Their mother ought to be a little more aware of what her two girls were up to. She ought to at least put better locks on the door or something so they couldn't go wandering around town on their own.
"What about your dad?"
The older girl sent him a sad look. "Our daddy's in heaven. We miss him a lot."
Now what was he supposed to say to that? At a loss, Gage glanced up and down the street. The three of them were the only thing moving through the early morning except for a few songbirds flitting through the trees and a plump striped cat skulking across a yard.
This was a quiet neighborhood, but he knew that wouldn't make a damn bit of difference to a child predator looking for prey. Quiet neighborhoods in small towns were often more attractive hunting grounds than those that bustled with people.
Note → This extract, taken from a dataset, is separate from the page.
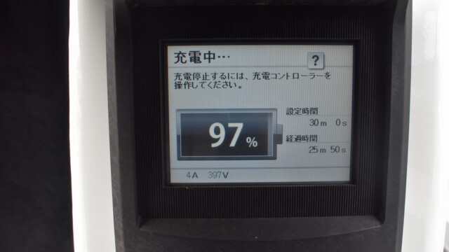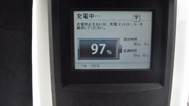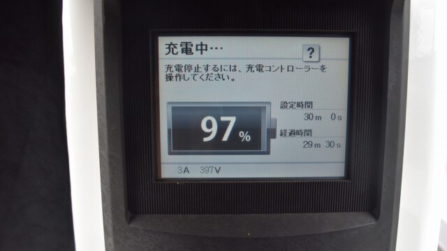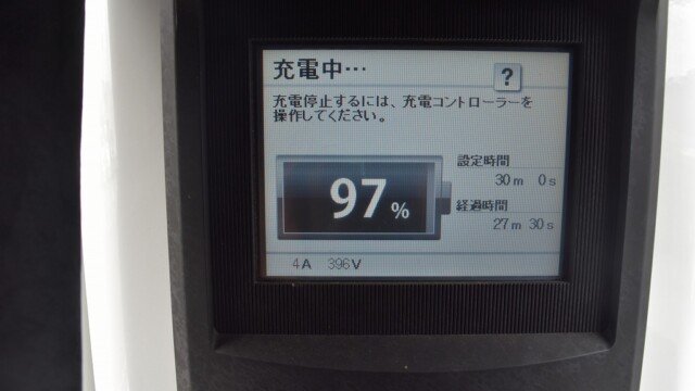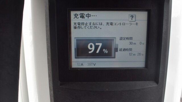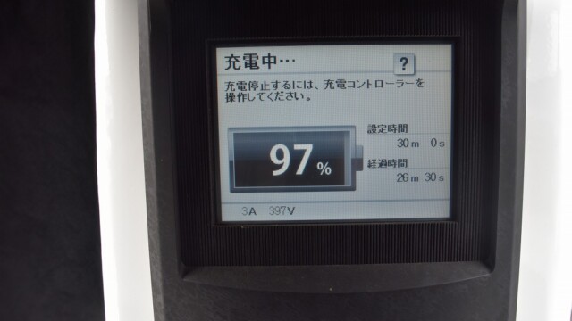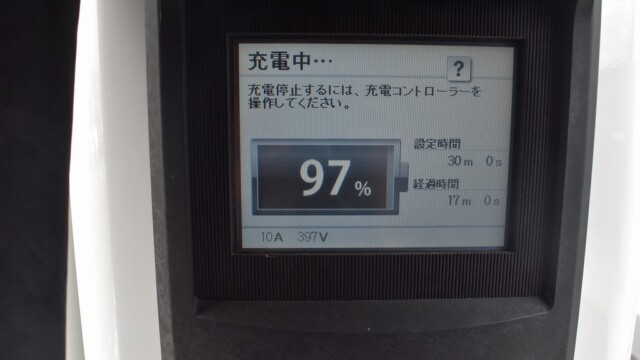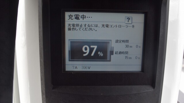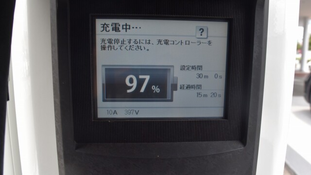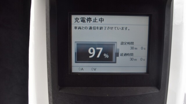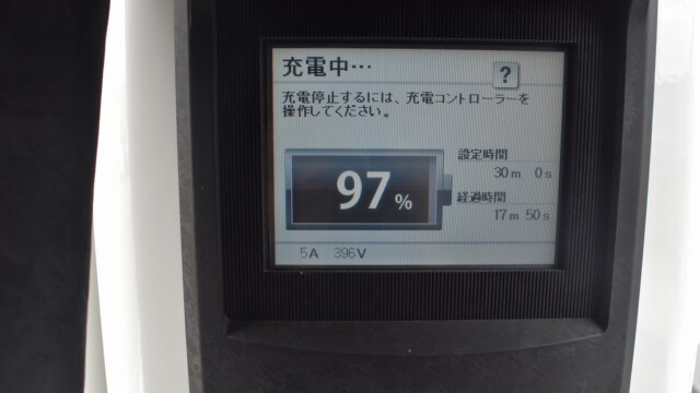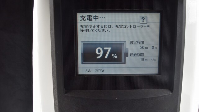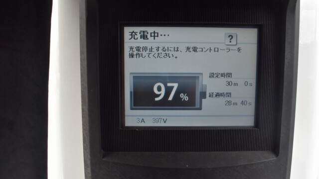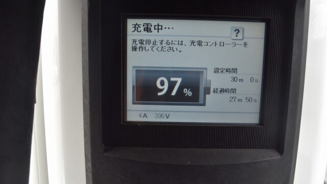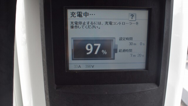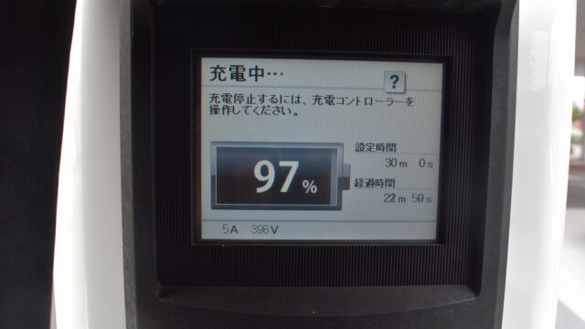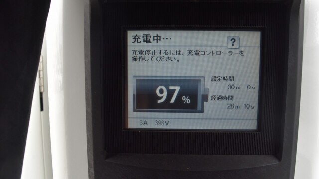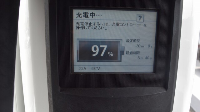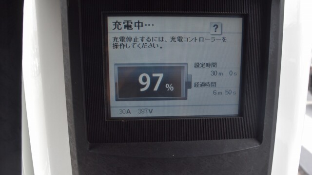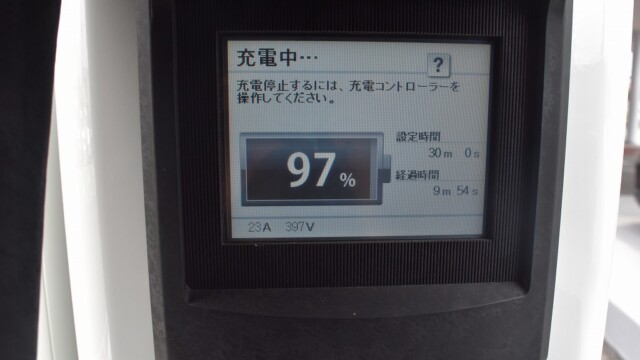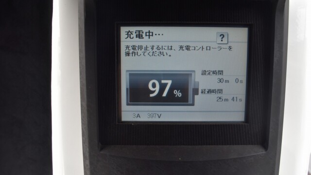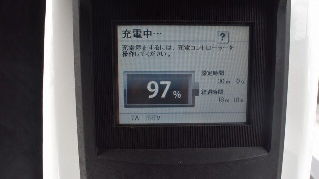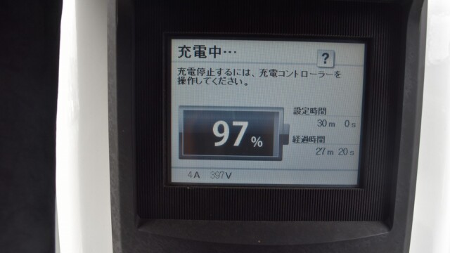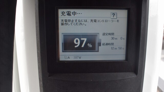 なので、充電速度も遅い(200V 10Aの普通充電以下)ので97%の状態のまま増えません。もしかしたらリーフは、急速でコレ以上充電しても意味が無い状態で30分たったら、100%として丸めてしまうのかもしれませんね。

Parents could more easily be lulled into a false sense of security, thinking nothing could touch them here, that their children faced no threat more serious than the occasional skinned knee from crashing on their bikes.
But no place was truly safe. He knew that far better than most.
"My name's Gaby and my sister's name is Anna," the little girl confided into the silence. "I'm five years old but Anna's only three. She doesn't talk very much, but Mama says I talk enough for both of us so that's okay. My real name's Gabriella but Mama calls me Gaby because she says that's what I am. What's your name, mister?"
Their mother needed to have a serious talk with them about stranger danger. This little chatterbox had just handed him all the information anyone needed to earn their trust.
"You're nice, Mr. McKinnon."
"Uh, thanks." Not too many people said that about him. He wasn't sure he liked it. "You two ought to go on inside now. I think you've got enough flowers, don't you? And pretty soon your mother will wake up and start looking for you."
"Okay. Anna's feet are cold. This grass is wet and icky."
"That's what shoes are for," he pointed out.
Gabriella just giggled and even Anna gave him a shy smile, then they raced across the yard to the house next door. The older girl paused on the porch and waved at him, then they both slipped inside.
He watched to make sure they closed the door tightly behind them, then took off down the street toward the trailhead he'd discovered a few weeks before.
He ought to definitely have a talk with the mother, warn her about letting two cute little girls roam free where any kind of sick bastard could get to them.
He could tell her stories that would give the lady nightmares for the rest of her life. After ten years in the FBI's CAC division - Crimes Against Children - he had plenty of them to share. Hell, he didn't even have to dig into any of the cases he had worked over the years to scare her senseless. All he had to do was tell her about Charlotte.
He reached the trailhead and ran up the steep dirt trail faster than his usual pace, grateful for the physical exertion to take his mind off the sudden, searing memory of his little sister's cherubic face.